Leave out any picture and return the remaining listing below exactly as given.

## [Recorded data]
Start of Block

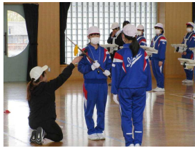
飯野小鼓笛隊の伝統をしっかりと受け継ぎました。
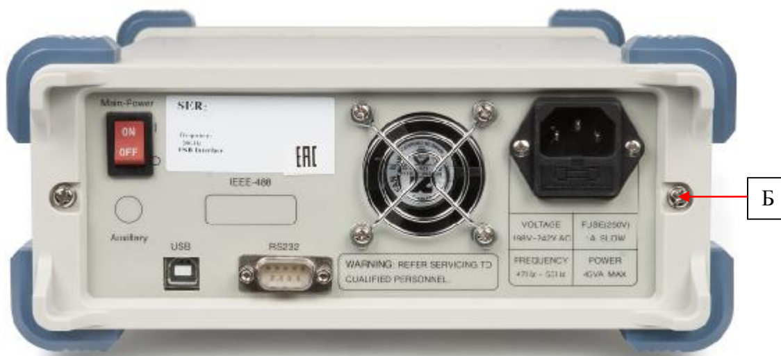
Рисунок 2 – Схема пломбировки от несанкционированного доступа (Б)
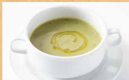
兵庫県産グリーンリーフと 玉ねぎのスープ

End of Block

## [Output for this exercise]
飯野小鼓笛隊の伝統をしっかりと受け継ぎました。
Рисунок 2 – Схема пломбировки от несанкционированного доступа (Б)
兵庫県産グリーンリーフと 玉ねぎのスープ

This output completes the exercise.